TASK OBJECTIVE:
With both ends included, repeat exactly the lines of the entries below from the one containing "Lewat akun Facebooknya, Harneli" down to the one containing "si triple trenzado", and no others.

EXERCISE MATERIAL:
##########

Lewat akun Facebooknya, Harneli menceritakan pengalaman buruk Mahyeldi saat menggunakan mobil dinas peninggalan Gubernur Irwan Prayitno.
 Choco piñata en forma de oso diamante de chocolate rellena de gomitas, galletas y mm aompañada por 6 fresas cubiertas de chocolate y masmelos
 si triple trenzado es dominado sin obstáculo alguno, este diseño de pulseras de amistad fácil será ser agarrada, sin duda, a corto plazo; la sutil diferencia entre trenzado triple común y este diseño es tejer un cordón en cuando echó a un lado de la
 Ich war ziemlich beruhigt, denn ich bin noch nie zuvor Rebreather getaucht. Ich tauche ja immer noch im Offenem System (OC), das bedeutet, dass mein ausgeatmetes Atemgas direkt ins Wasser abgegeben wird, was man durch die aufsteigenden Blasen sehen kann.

##########

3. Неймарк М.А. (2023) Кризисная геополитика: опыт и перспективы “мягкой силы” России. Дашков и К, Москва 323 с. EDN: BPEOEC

##########

RESPONSE BELOW:
Lewat akun Facebooknya, Harneli menceritakan pengalaman buruk Mahyeldi saat menggunakan mobil dinas peninggalan Gubernur Irwan Prayitno.
 Choco piñata en forma de oso diamante de chocolate rellena de gomitas, galletas y mm aompañada por 6 fresas cubiertas de chocolate y masmelos
 si triple trenzado es dominado sin obstáculo alguno, este diseño de pulseras de amistad fácil será ser agarrada, sin duda, a corto plazo; la sutil diferencia entre trenzado triple común y este diseño es tejer un cordón en cuando echó a un lado de la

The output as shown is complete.